How to reindustrialise Australia?

This week we heard that that Australian steel producer BlueScope will invest $1 billion in an Ohio-based American steel plant, citing the United States’ energy-friendly policies which have driven power bills down to a third of what Australians pay as a decisive factor. This hasn’t just been good news for American businesses. It has also meant thousands of high-quality jobs in a sector that has long been thought of as resigned to an inevitable decline and end due to automation and competition from developing countries with low labour costs.

It’s time that we did away with the myth that Australia has deindustrialised simply because other nations in our region pay their workers less and force them to endure harsher conditions. If this were the case, then the same disappearing manufacturing sector would be seen in nations like Germany and the United States – yet we don’t see this phenomenon.

The United States has reinvigorated its manufacturing sector thanks to its shale gas revolution and the cutting of red tape to lower electricity bills. This has delivered immense benefits to American workers and businesses. Unfortunately, successive state and federal Australian governments lack the guts to do the same and have chosen to bury their heads in the sand instead.

While Australia’s immense natural gas reserves rival those of the United States, much of it remains locked away thanks to nonsensical fracking bans in places like Victoria, South Australia and parts of New South Wales.

Meanwhile, Australian power bills have skyrocketed in recent years to some of the world’s highest as our coal-fired power stations go into premature retirement and our reliance on natural gas for base-load power increases with the insertion of intermittent solar and wind energy into the grid.

Locking away the country’s natural gifts while pensioners shiver through the winter due to expensive heating, and businesses continue to close their shutters due to high operating costs, is both cruel and unconscionable. It’s also not environmentally friendly given that the United States has reduced its greenhouse gas footprint significantly by transitioning from coal to natural gas.

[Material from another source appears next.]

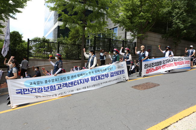 민주노총 공공운수노조 국민건강보험고객센터지부는 14일 서울시 중구 국민건강보험 고객센터 하청업체 ㈜한국코퍼레이션 앞에서 확대 간부 결의대회를 열고 한국코퍼레이션를 규탄했다.결의대회에서 건보고객센터지부는 “취업규칙을 노동자의 동의 없이 변경하고 상담노동자를 옥죄고 국민의 알권리를 훼손하는 국민건강보험 고객센터의 하청업체인 한국코퍼레이션을 규탄하기 위한 결의대회를 개최하게 됐다”고 밝혔다.

Natural gas must be harvested closer to where it’s used to provide viable and affordable energy. Domestic gas reservation policies, which have actually increased gas prices over the long-term in countries like Argentina and Egypt by curtailing incentives to invest in extraction and resource development, are no replacement for reducing supply-side restrictions.

Let’s take the pressure off hardworking taxpayers, our businesses, and families by enabling the natural gas revolution that Australia deserves.

This article appeared in The Spectator on 23 August 2019.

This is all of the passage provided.